Any discussion with procurement teams or supply officers illustrates the ongoing pressure to secure compounds that deliver on price and consistency. 6-Bromo-Quinazolin-4-Ylamine stands out for ease of sourcing, even in changing markets. Researchers rarely encounter weeks-long delays or rapid price jumps, thanks in part to its stable synthetic route and strong demand across research fields.
Some products jump in price due to regulatory controls or high-friction production bottlenecks. By contrast, the straightforward synthesis here, involving selective bromination and amination, helps keep it accessible. The market seems to have settled at a point where even medium-sized labs can budget for a regular supply. Availability from several reputable vendors promotes healthy competition and quality standards.
On quality, those who’ve worked through batches from different sources recognize how subtle handling can affect how the product performs. Trusted suppliers run HPLC and NMR purity checks and report endpoint data, allowing users to predict outcome differences. Labs taking quality seriously usually test incoming batches against internal benchmarks, a practice I’ve seen prevent more than one disastrous project rerun.
While the product itself presents few intrinsic limitations, marketplace trends can cause problems for even established compounds. For example, global supply chain disruptions can affect delivery times for needed precursors. One smart hedge involves building relationships with multiple vendors and setting up secondary supplier agreements. Those organizing research portfolios can protect projects from interruption by tracking usage trends and keeping at least two cycles of expected material ready on the shelf.
Another real pressure in R&D is regulatory drift. As jurisdictions shift rules about handling brominated organics, teams should stay current on guidance and update storage protocols to match any new requirements. Instituting regular staff briefings on such policy shifts keeps compliance strong and avoids delays.
Waste disposal also comes up more often now. Even though 6-Bromo-Quinazolin-4-Ylamine doesn’t carry excessive hazard ratings, larger projects mean more chemical residues. Taking a proactive approach—working with licensed disposal contractors and documenting usage—smooths audits and maintains community trust.
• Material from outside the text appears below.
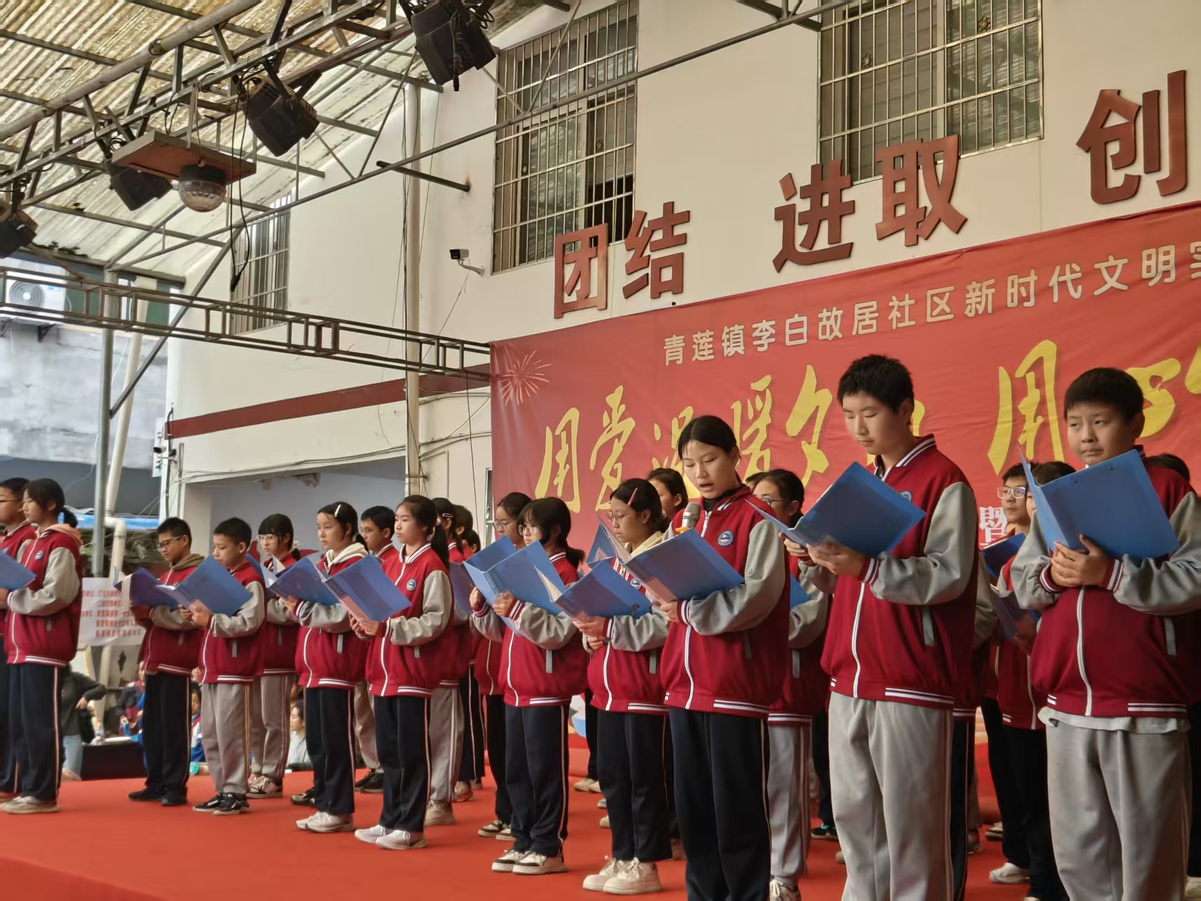 隨后,青蓮初中的學(xué)子們?yōu)樵趫龅臓敔斈棠虃儷I(xiàn)上了精心準(zhǔn)備的文藝節(jié)目。首先登場的是經(jīng)典誦讀《我愛你,中國》。同學(xué)們精神飽滿,聲情并茂,用鏗鏘有力而又飽含深情的語調(diào),朗誦出對祖國壯麗山河和悠久歷史的無限熱愛與贊美。字字句句,激蕩人心,不僅展現(xiàn)了青蓮學(xué)子良好的精神風(fēng)貌,更將愛國主義的種子播撒在心田,引發(fā)了在場所有人的強烈共鳴,現(xiàn)場掌聲經(jīng)久不息。
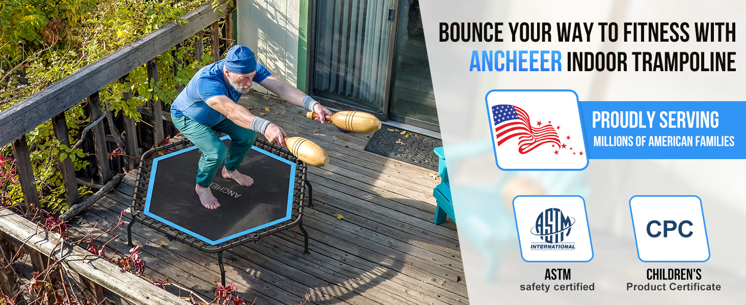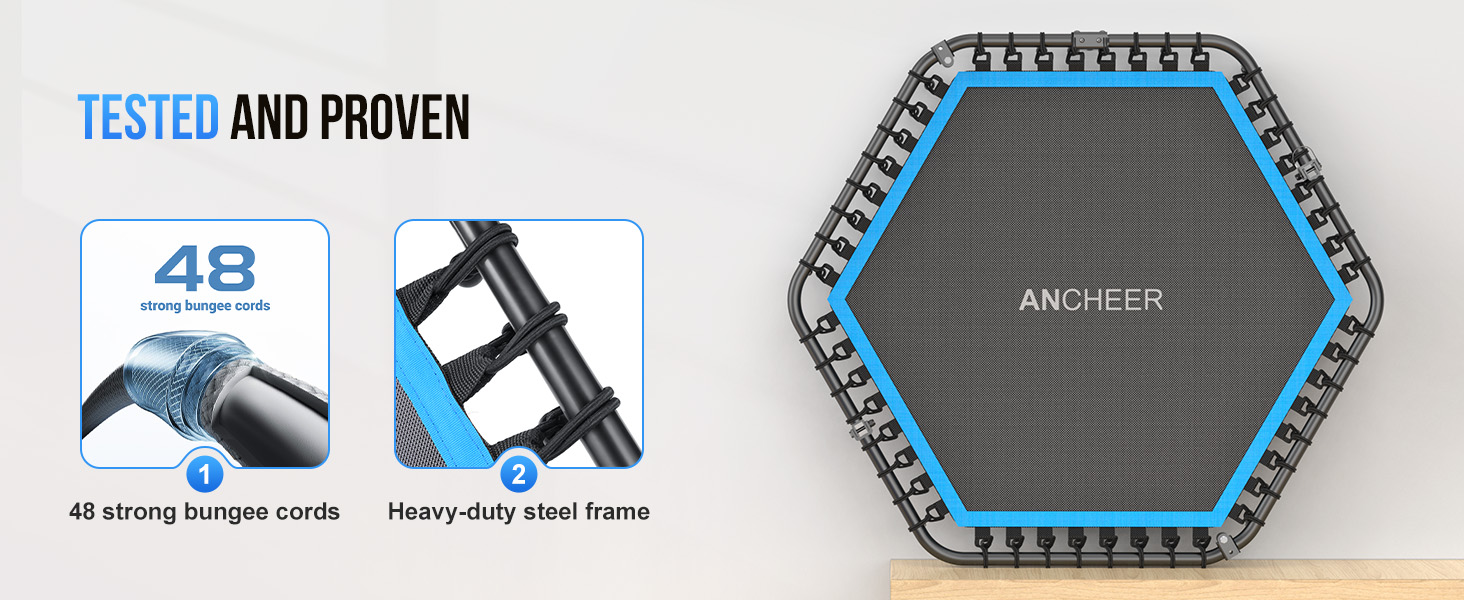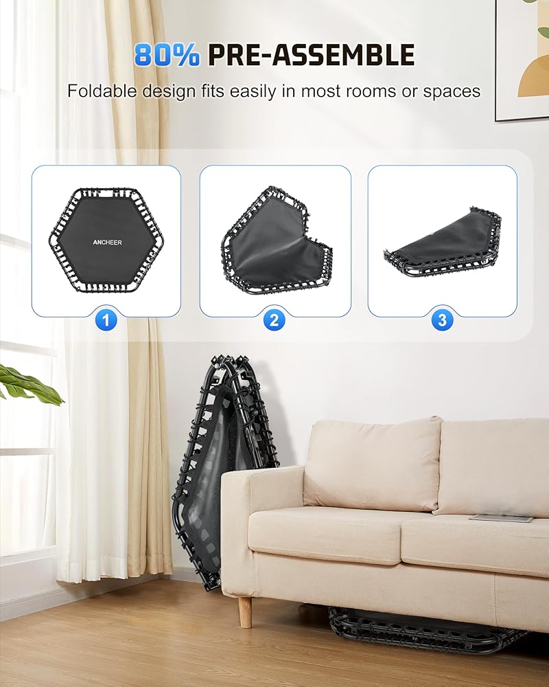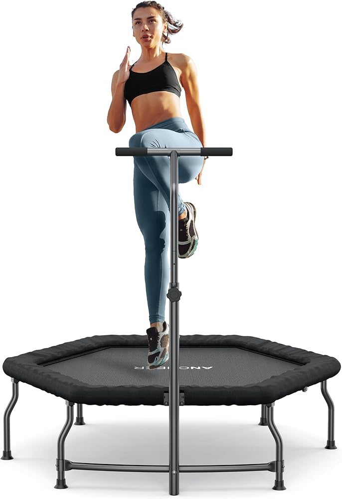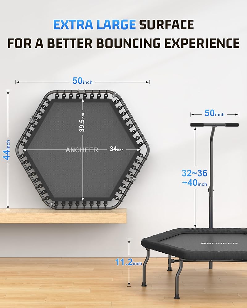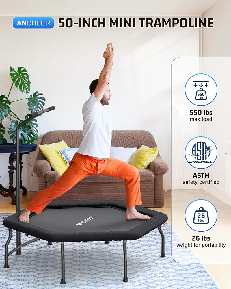 ترامبولين صغير للبالغين، ترامبولين داخلي مقاس 50 بوصة للبالغين بوزن 550 رطل. ترامبولين بدون زنبرك من ماكس لود للبالغين مع شريط مقبض قابل للتعديل بثلاثة مستويات

Those building project timelines around molecules such as this often share common strategies. Many labs prioritize making their first batch fresh from raw materials, confirming identity and purity by proton NMR and HRMS before moving into larger-scale experimentation. Keeping careful, up-to-date lab notebooks with supplier lot numbers and batch records lets teams spot issues early.
Networking with peers—across industry and academia—opens a steady flow of insights about scalability, troubleshooting, and innovative applications. In group meetings, seasoned chemists encourage newcomers to explore lesser-known transformations made possible by the bromo substituent, as well as alternate protecting group strategies on the amine site. Every group meeting or publication highlights new creative uses, reflecting how a high-quality building block adapts to fresh challenges.
The lasting impression left by 6-Bromo-Quinazolin-4-Ylamine boils down to one thing: trust. Labs worldwide choose it because it shrinks the gap between vision and results. Across chemical synthesis, drug development, and advanced materials work, its abilities shine through. Steering clear of overhyped claims and fragile compounds, working scientists see value in products that perform where it matters most—on the bench, in real time, and during real experiments. Armed with this compound, teams face complex problems with confidence and creativity, forging new paths in science, one reaction at a time.